Software protection is related both to computer security and cryptography, but it has most in common with steganography, the branch of cryptography that studies how to transfer a secret stealthily. This is often illustrated by the so-called prisoners’ problem. Here, Alice and Bob are planning a prison break by passing notes through their warden, Wendy:
Of course, if Wendy finds that a purported love note mentions a prison break, she will immediately stop any further messages and put Alice and Bob in solitary confinement. So what can the two conspirators do? They can’t use cryptography, since as soon as Wendy sees a garbled message she will become suspicious and put an end to further communication.
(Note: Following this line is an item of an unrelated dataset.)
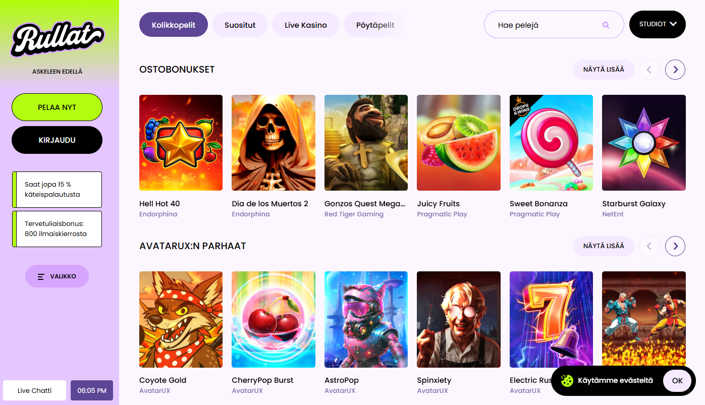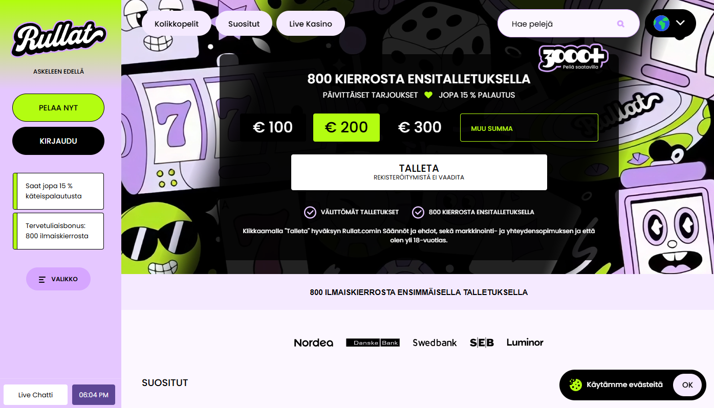 Rullat Casino is a fresh Pay N Play online casino launched in 2025, built specifically for Finnish players who appreciate speed, simplicity, and security. Operating under a Curacao eGaming license, Rullat Casino offers a vast selection of games, attractive bonuses, and flexible terms that suit both casual and experienced players.

Instead, they must communicate surreptitiously, by sending their secrets hidden inside innocuous-looking messages. For example, Alice and Bob could agree on a scheme where the hidden message (the payload) is hidden in the first letter of each sentence in the cover message:
Easter is soon, dear! So many flowers! Can you smell them? Are you cold at night? Prison food stinks! Eat well, still! Are you lonely? The prison cat is cute! Don't worry! All is well! Wendy is nice! Need you! ): |
This is called a null cipher. There are many other possible types of cover messages. For example, Alice could send Bob a picture of the prison cat in which she has manipulated the low-order bits to encode the payload. Or she could send him an mp3-file of their favorite love song in which she has added inaudible echoes—a short one for every 0-bit of the payload, a longer one for every 1-bit. Or she could subtly manipulate the line spacing in a pdf-file, 12.0 points representing a 0, 12.1 points representing a 1. Or she could be even sneakier and ask Wendy to pass along a Tetris program she’s written to help Bob while away the long hours in solitary. However, unbeknownst to Wendy, the program not only plays Tetris, but inside its control or data structures Alice has hidden the secret payload detailing their escape plan. In this book we will consider exactly this scenario and many like it. We call a program that contains both a secret and any technique for preventing an attack against this secret surreptitious software.